--- EXTRACTED ENTRIES ---

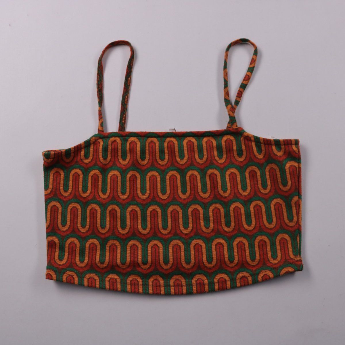 Женский кроп-топ ONLY на тонких бретелях с ярким геометрическим принтом. Подойдёт для лета и отдыха, хорошо сочетается с джинсами, шортами или юбкой с высокой посадкой. Эластичная ткань тянется и комфортно садится по фигуре.
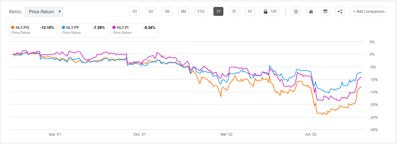 A near term catalyst exists as NLY.PF is callable 9/30/2022 and within a month of that I expect we could see an announcement redeeming those shares. If the NLY.PF shares are redeemed, I suspect that we’d see NLY.PG immediately rerate back to par value at least. If NLY.PG is redeemed within a month of its call date, the total return with three dividend payments and return to par value would be a 15.55% return.
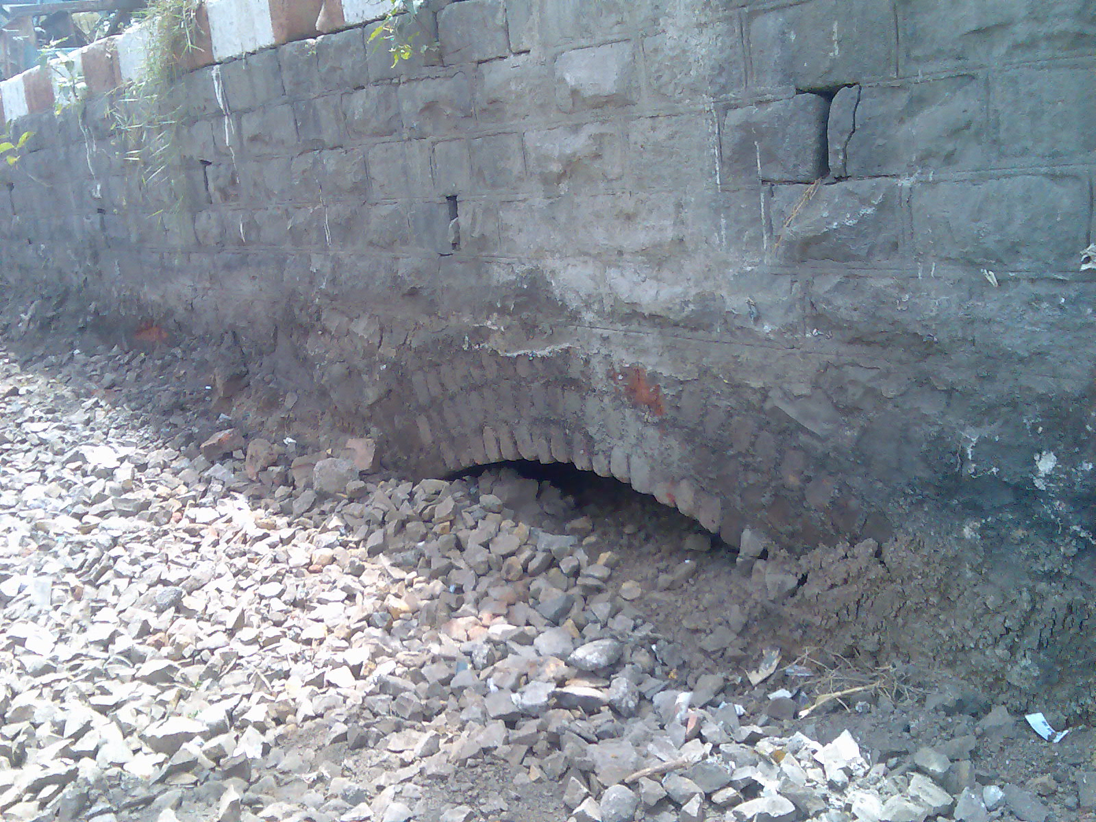 I don't think it is just a drain…the way the bricks are laid out, it has to be an archway to something. I've studied a bit on the subject so I'm hazarding a guess here. Drains would not have elaborate brickwork like this – this one was used generally over openings to hold the weight of the masonry above.
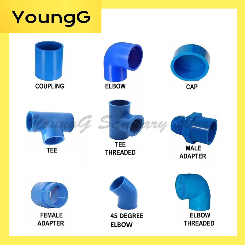 PVC Blue Fittings 1/2" ( Elbow, Tee, Coupling, Male Adaptor, Female Adapter, Cap ) Sold Per Piece
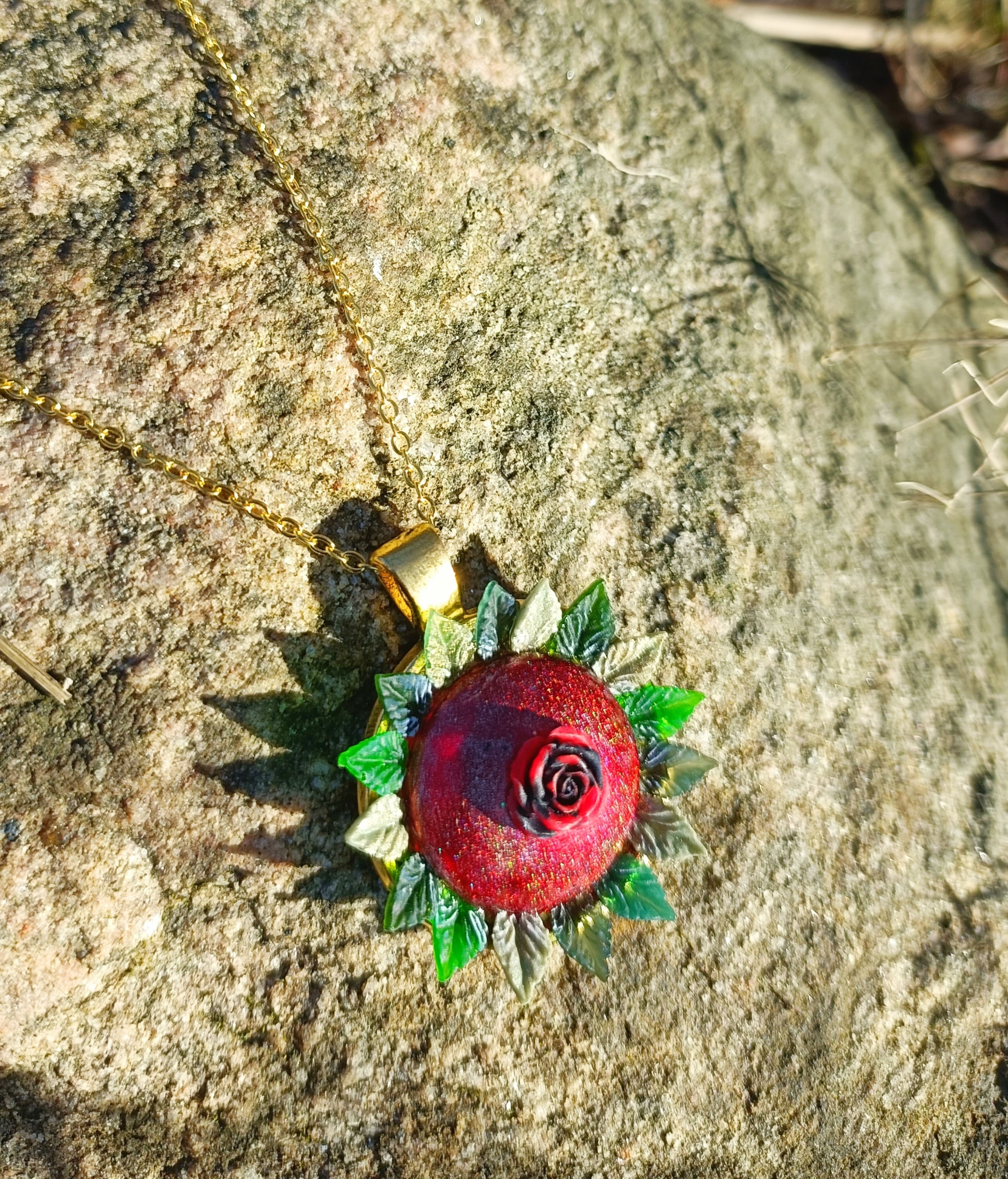 Step into nature’s elegance with the Rose & Leaf Crested Necklace, a beautifully crafted piece featuring a glass cabochon with shimmering varnish, intricate acrylic details, and a sturdy steel setting. This enchanting necklace is perfect for nature lovers, fae-inspired fashion, and those who appreciate delicate, botanical jewelry.
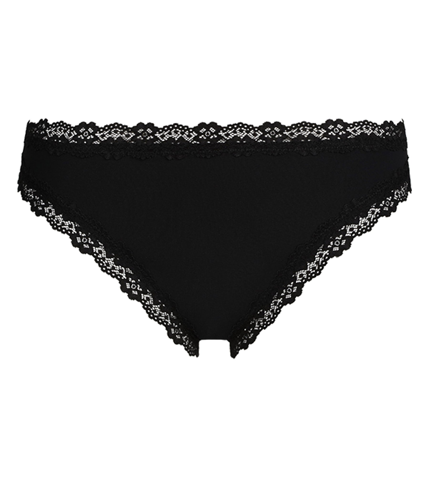 Luce un look cómodo y elegante con las braguitas brasileñas Dim Mini Lace de microfibra y encaje negro.
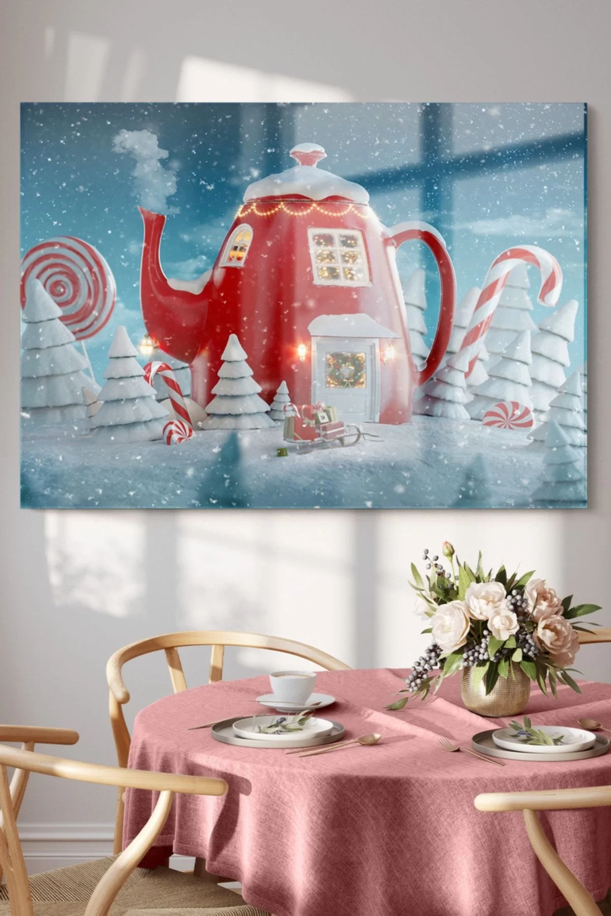 Teapot Modern Red White | Kitchen Themed Glass Table | 50x70cm
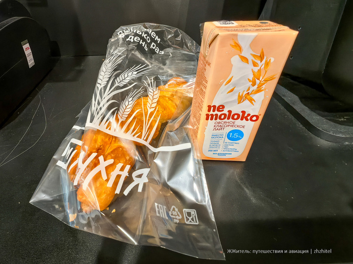 Отдельным чеком взял косичку с картофелем и мясом и «не молоко». Выпечка хорошая и сытная, напиток весьма на любителя.
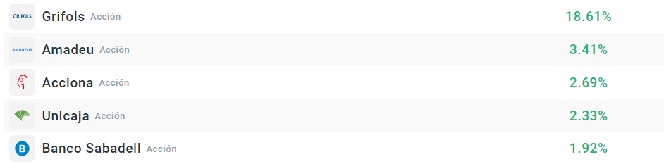 El selectivo español sube con fuerza en la sesión de hoy después de una semana cargada de eventos. Los datos de inflación y los resultados empresariales están impactando de lleno en la cotización del Ibex 35. En el día de ayer veíamos caídas con fuerza, pero el rebote de Grifols lidera la sesión de hoy.
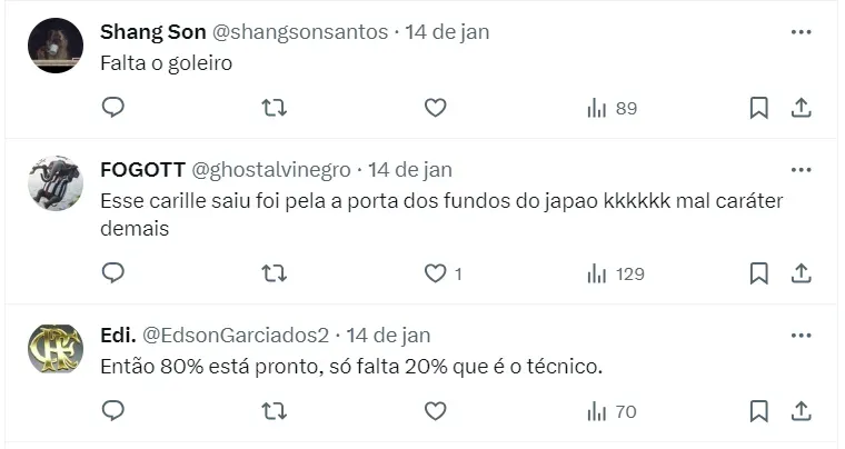 Mas, diante do atual cenário, a gestão aguarda a chegada de proposta e vem analisando o mercado em busca de opções para o jogador. A comissão técnica entende que nesse momento ele não é o nome ideal para a equipe.
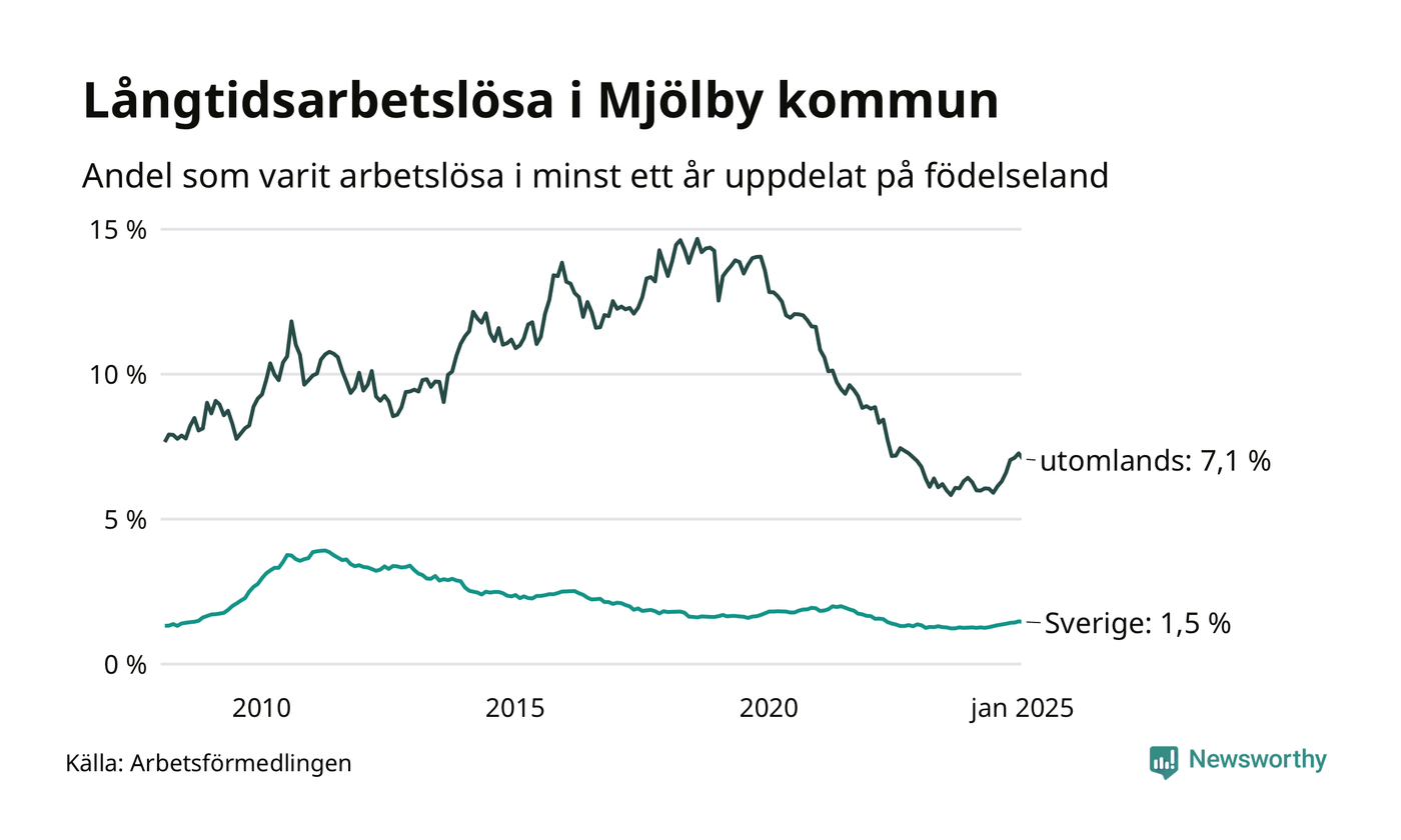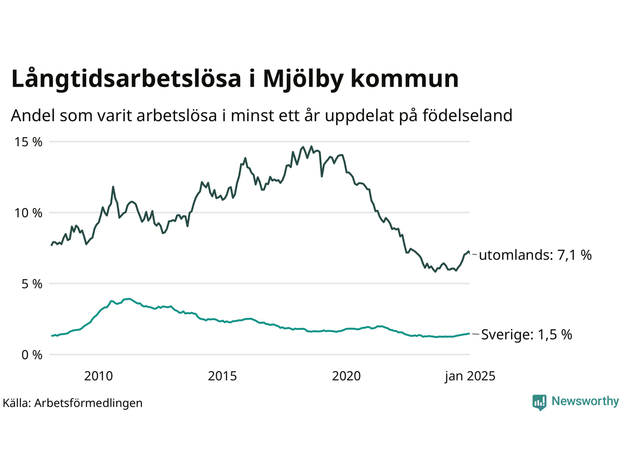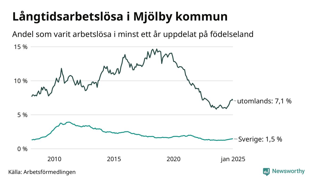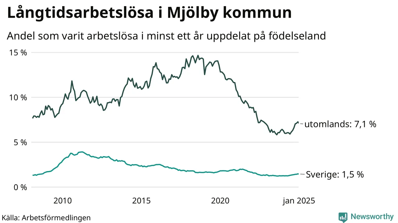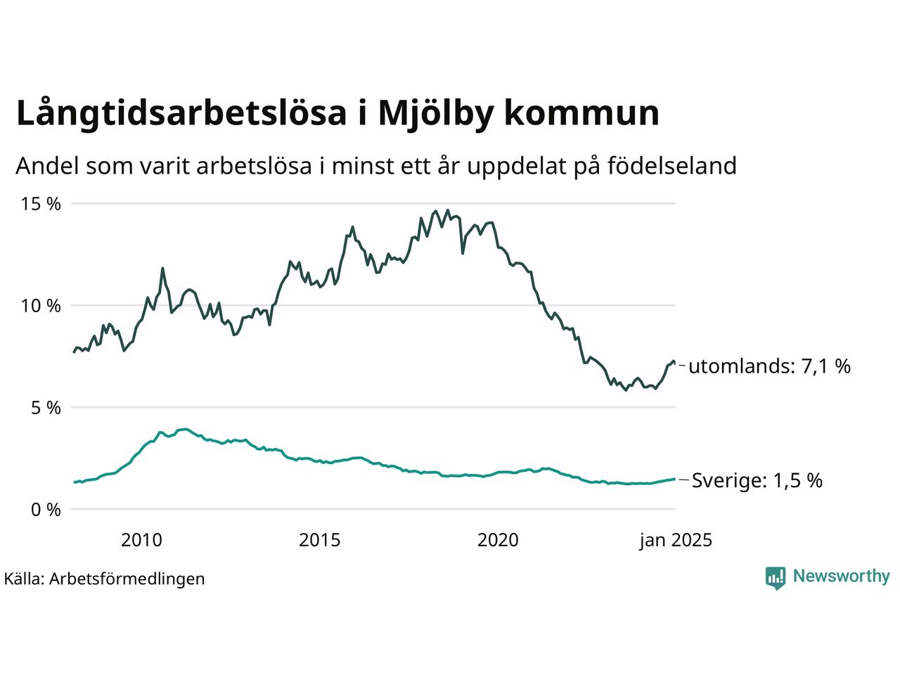 176 av de långtidsarbetslösa i Mjölby är födda i Sverige, medan 161 är födda utomlands. Det innebär att långtidsarbetslösheten bland Sverigefödda är 1,5 procent, medan den är fem gånger så hög – 7,1 procent – bland födda utomlands. Även i riket som helhet är arbetslösheten högre bland utrikesfödda.
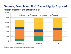And that chart is what is really going on in Europe. It is not about Germany and France wanting to help out Ireland and Greece (and eventually Portugal and Spain). They are not that benevolent. It is that they are worried about their banks going belly up.
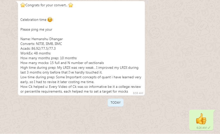 The Candidate has Said that Every Video of Ck was so informative be it a College review or Percentile Requirements, Each of which helped him to set a target for mocks.About IIM Bangalore:
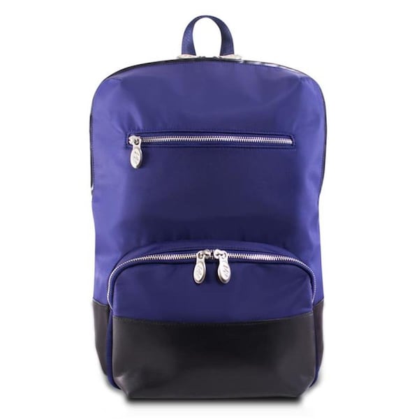 Elegant sleek nylon backpack with leather handle and accents. Fully-lined interior with leather accents. Exterior zippered compartment with inside pocket and top secure zipper pocket and silver accent hardware and metal zippers. Main compartment features dual tablet pocket with organizer for business cards pens and accessories. Secure interior full-length zipper pocket. Back nylon smart strap for piggy-backing onto rolling cases. Padded adjustable backpack straps with leather trim. Features -Tablet pocket -Smart strap Specifications - Color: Navy - Material: Nano Tech-Light Nylon with Leather Trim - Series: N Series - Design: Brooklyn - Dimension: 11 x 6 x 16.50 - Weight: 2.5 lbs
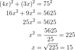 sind, wie die Abbildung zeigt. Wir wenden den Satz des Pythagoras an und berechnen den Wert der Variable.
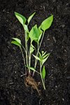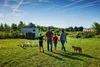 A man standing outdoors on a farm in front of newly planted small plants, with a green tractor in the background and a large tree behind him. View fullsize
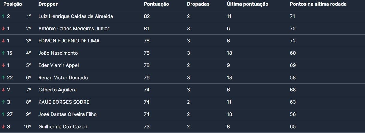 Faltando três rodadas para o término do Drop 6, esses são os 10 primeiros colocados, que mostram a cada semana que estão sedentos pelo título! Mesmo tendo só duas dropadas em sete semanas, Luiz Henrique mostra uma consistência fora de série e assume a liderança do Drop 6 com 82 pontos, seguido de perto pelo antigo líder Antônio Carlos com 81 e com Edivon (78), João Nascimento (78) e Eder (78) completando o top-5. Quem vai se sagrar como o grande campeão?
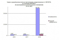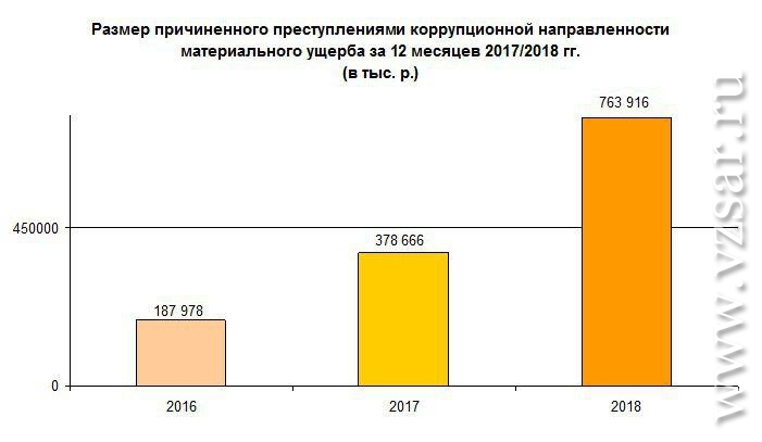 Размер ущерба, причиненного коррупцией, по сравнению с 2017 годом вырос более чем в два раза – с 378 666 рублей до 763 916 рублей. Колоссально увеличились сумма и средний размер взятки.
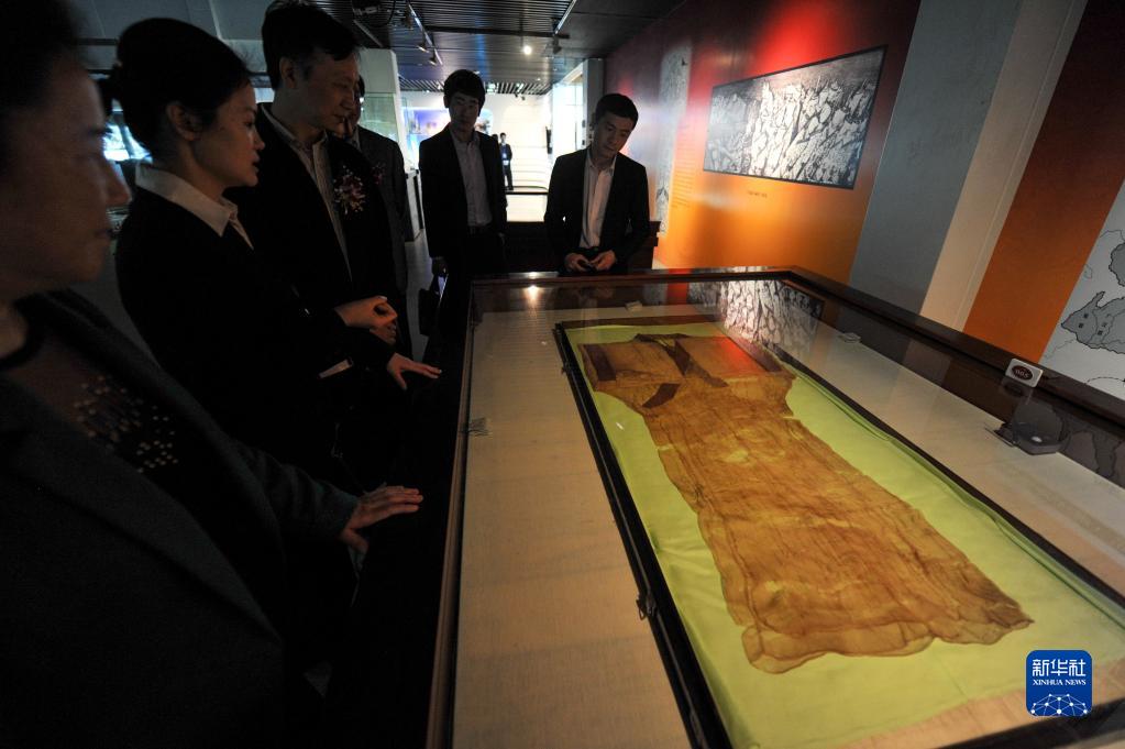 2014年3月28日,参加“马王堆汉墓文物精品展”开幕式的参观者观看展出文物“素纱襌衣”。新华社记者 白禹 摄
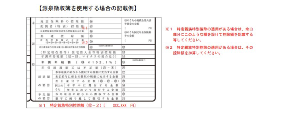 - 特定親族特別控除の適用がある場合で、当源泉徴収簿を使用するときは、源泉徴収簿の余白に「特定親族特別控除額(⑰-2)〔 XXX,XXX 円〕」と記載するなどしてください。
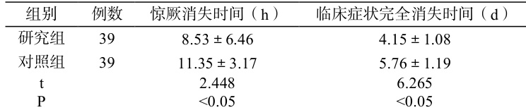 2.1 两组惊厥消失时间及临床症状完全消失时间比较
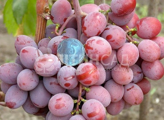 Це урожайний сорт, грона можуть утворюватися в надлишку, тому буде потрібно нормування суцвіть. Яйцеподібні виноградини темно-рожеві, з білим нальотом, який надає фіолетовий відтінок.

---

Everything from the line with "A man standing" through the end of the listing above, both ends included, should be set down exactly; copy nothing else, and skip the pictures.

 A man standing outdoors on a farm in front of newly planted small plants, with a green tractor in the background and a large tree behind him. View fullsize
 Faltando três rodadas para o término do Drop 6, esses são os 10 primeiros colocados, que mostram a cada semana que estão sedentos pelo título! Mesmo tendo só duas dropadas em sete semanas, Luiz Henrique mostra uma consistência fora de série e assume a liderança do Drop 6 com 82 pontos, seguido de perto pelo antigo líder Antônio Carlos com 81 e com Edivon (78), João Nascimento (78) e Eder (78) completando o top-5. Quem vai se sagrar como o grande campeão?
 Размер ущерба, причиненного коррупцией, по сравнению с 2017 годом вырос более чем в два раза – с 378 666 рублей до 763 916 рублей. Колоссально увеличились сумма и средний размер взятки.
 2014年3月28日,参加“马王堆汉墓文物精品展”开幕式的参观者观看展出文物“素纱襌衣”。新华社记者 白禹 摄
 - 特定親族特別控除の適用がある場合で、当源泉徴収簿を使用するときは、源泉徴収簿の余白に「特定親族特別控除額(⑰-2)〔 XXX,XXX 円〕」と記載するなどしてください。
 2.1 两组惊厥消失时间及临床症状完全消失时间比较
 Це урожайний сорт, грона можуть утворюватися в надлишку, тому буде потрібно нормування суцвіть. Яйцеподібні виноградини темно-рожеві, з білим нальотом, який надає фіолетовий відтінок.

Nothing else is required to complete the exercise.